Bakan Davutoğlu, Habertürk Televizyonu'nun canlı yayınında, gazetecilerin sorularını cevaplarken ilginç açıklamalarda bulundu.
İRAN'IN TEK REFKLESİ MEZHEP REFLEKSİ OLMAZ
Programda, İran temaslarına değinen Davutoğlu, şunları söyledi:
"İran gibi köklü devlet geleneği olan ülkenin tek refleksi mezhep refleksi olmaz. Coğrafyanın belirleyici bir faktörü vardır. Oradaki bütün din ve mezhep faktörlerini göz önüne alır. İran Devrimi gibi bir vaka üzerinden oluşmuş, 30 yıla aşkın bir tecrübe birikimi var. Bunları bir arada düşünmek lazım. Türkiye - İran ilişkilerini Şii-Sünni rekabetine dayandırmak doğru değil.
Bizim dış politikamızı eleştirenler öyle bir tablo çiziyor ki sanki İran'la gizli bir savaşa girdik. Aynı coğrafyada olan ülkeler işbirliği ve rekabet içinde olur bu doğaldır. Tahran içinde birçok Tahran, Washington içinde birçok Washington vardır. 10 yıl önce belki Ankara için de bu söz konusuydu. Ama şu anda dış politikada Ankara'dan çifte ses çıktığını söylemek mümkün değil.
2010 yılında 'eksen kayması' diyenler 2011 yılında İran'la gizli bir savaş halinde olduğumuzu yazdılar. Karşılıklı gücümüzü de, zaafımızı da biliriz. Ama iletişimi hiç koparmayız. Farklı düşünsek de bunu açıkça belirtiriz."

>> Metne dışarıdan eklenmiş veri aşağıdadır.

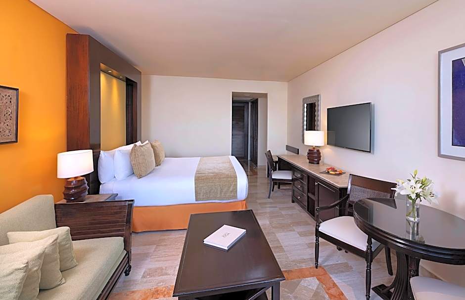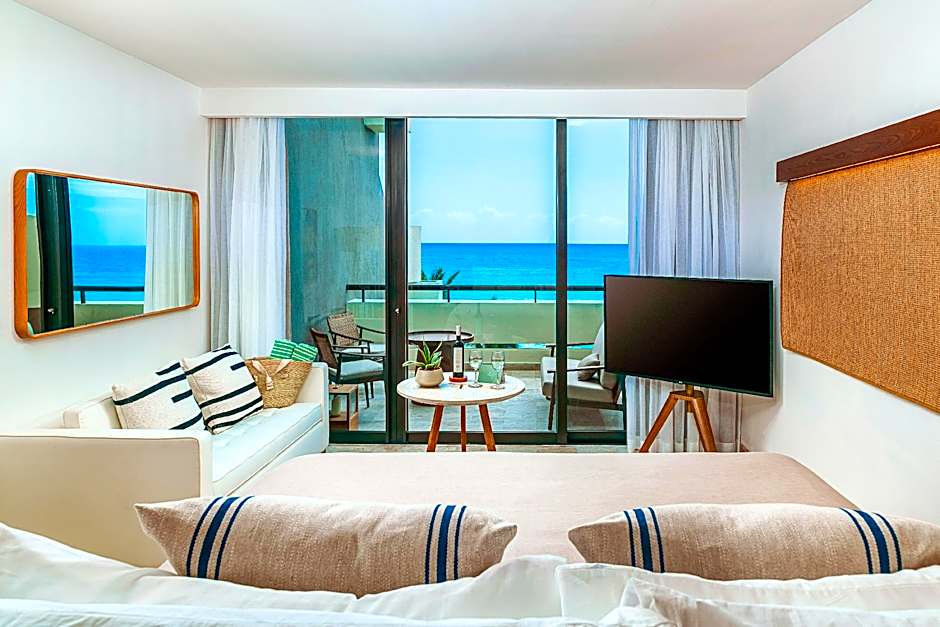 This spacious junior suite features designer furniture, a private terrace with views of the Nichupté Lagoon. Plus luxury amenities are available.

ORTADOĞU'DA ÜÇ FARKLI KONJOKTÜR
"Ortadaoğu'da hemen bir resim çeksek, üç farklı konjonktürel alan oluşmaya başladığını görüyorum" diyen Davutoğlu, "Birincisi Fas'tan Mısır'a kadar olan ilk taleplerin yükseldiği coğrafya. Bir sene içinde Tunus'ta seçim yapıldı. İlk seyahatini Türkiye'ye yapıyor. Dinamizm orada başladığı için yeni ülkenin Başbakanı ve Dışişleri Bakanı teşekkür için Türk büyükelçiliğine geliyor. Yine Fas'ta bir seçim oldu. Fas son derece akıllıca bir yol seçerek hiçbir kargaşa olmadan seçimin yolu açıldı. Dışişleri bakanları ilk ziyaretini Türkiye'ye yapmak istediğini söyledi. Mısır'da üçüncü etap seçimler var. Bazı kargaşalar var ama kolay değil. Geçen yıl bu vakitler Mübarek'in gideceği, seçim yapılacağı söylenseydi inanmayabilirdik. Başbakan seslendi, bu büyük bir riskti. Bir öngörüde bulunmuştuk. Yasemin Devrimini öngörmüştük. Mısır'da ne olursa olsun ilişkilerimiz devam edecektir. Başarı şansı en yüksek ülke Tunus'tur. Ama en önemli ülke Mısır ve Suriye'dir" ifadelerini kullandı.
BÖLGEDE BÜYÜK BİR DEVRİM YAŞANIYOR
Bölgede büyük bir devinim yaşandığını kaydeden Bakan Davutoğlu, "Mısır'dan Fas'a kadar inşa edici bir süreç var. Ama Irak-Suriye hattında bir potansiyel tehdit görüyorum. Bizim bu bölgedeki bu riskleri birbirimizle paylaşmamız lazım ki o riskleri kontrol altına alalım. Ülkeler kendi içlerine kapanmamalıdır" dedi.
SURİYE'DE ÇOK ÇABA HARCADIK
Suriye'de olayların bu boyuta gelmemesi için her türlü çabayı gösterdiklerini ifade eden Davutoğlu, "Bir ülkeyi çok benimsemişseniz, onun değişecek olması uzak ihtimal gibi geliyor. Esad'la her görüşmemizde, 'Bir hafta daha, bir ay daha, önce güvenlik...' demiştir. Bütün taraflara her türlü mesajı ilettik. Hiçbir sosyal olgu doğallığı olmasaydı bu kadar zaman sürmezdi. Gerçekten toplum içinde bir kaynama olmasaydı...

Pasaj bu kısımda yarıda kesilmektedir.